** Information provided **

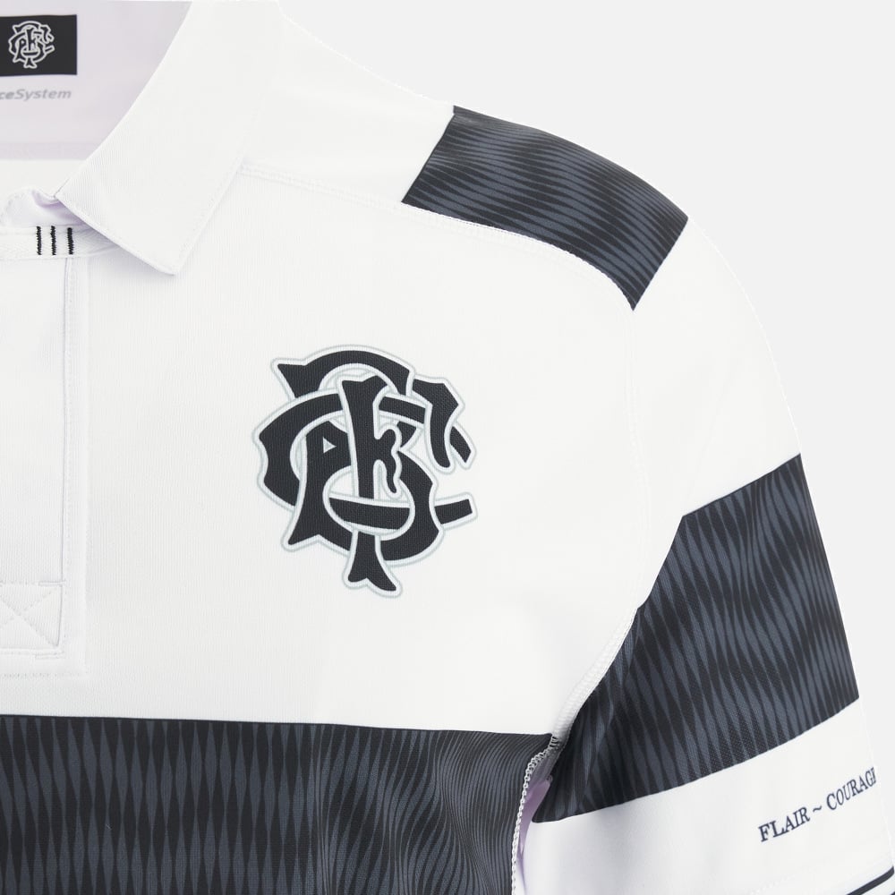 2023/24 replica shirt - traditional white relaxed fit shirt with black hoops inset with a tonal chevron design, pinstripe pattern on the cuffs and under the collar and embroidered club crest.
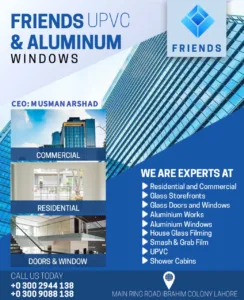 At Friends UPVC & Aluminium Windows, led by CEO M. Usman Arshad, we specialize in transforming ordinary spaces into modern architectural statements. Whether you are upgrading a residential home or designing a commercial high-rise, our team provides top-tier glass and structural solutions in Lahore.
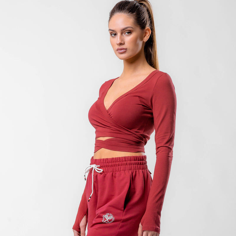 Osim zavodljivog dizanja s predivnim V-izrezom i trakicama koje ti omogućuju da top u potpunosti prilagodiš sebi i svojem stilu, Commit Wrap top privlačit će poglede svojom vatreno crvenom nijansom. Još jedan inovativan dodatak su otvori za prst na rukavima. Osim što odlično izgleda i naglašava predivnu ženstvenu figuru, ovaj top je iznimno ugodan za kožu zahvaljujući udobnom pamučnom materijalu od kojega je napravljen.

** About this task **
Each line above should be returned exactly as written, apart from any pictures.

** Task output **
 2023/24 replica shirt - traditional white relaxed fit shirt with black hoops inset with a tonal chevron design, pinstripe pattern on the cuffs and under the collar and embroidered club crest.
 At Friends UPVC & Aluminium Windows, led by CEO M. Usman Arshad, we specialize in transforming ordinary spaces into modern architectural statements. Whether you are upgrading a residential home or designing a commercial high-rise, our team provides top-tier glass and structural solutions in Lahore.
 Osim zavodljivog dizanja s predivnim V-izrezom i trakicama koje ti omogućuju da top u potpunosti prilagodiš sebi i svojem stilu, Commit Wrap top privlačit će poglede svojom vatreno crvenom nijansom. Još jedan inovativan dodatak su otvori za prst na rukavima. Osim što odlično izgleda i naglašava predivnu ženstvenu figuru, ovaj top je iznimno ugodan za kožu zahvaljujući udobnom pamučnom materijalu od kojega je napravljen.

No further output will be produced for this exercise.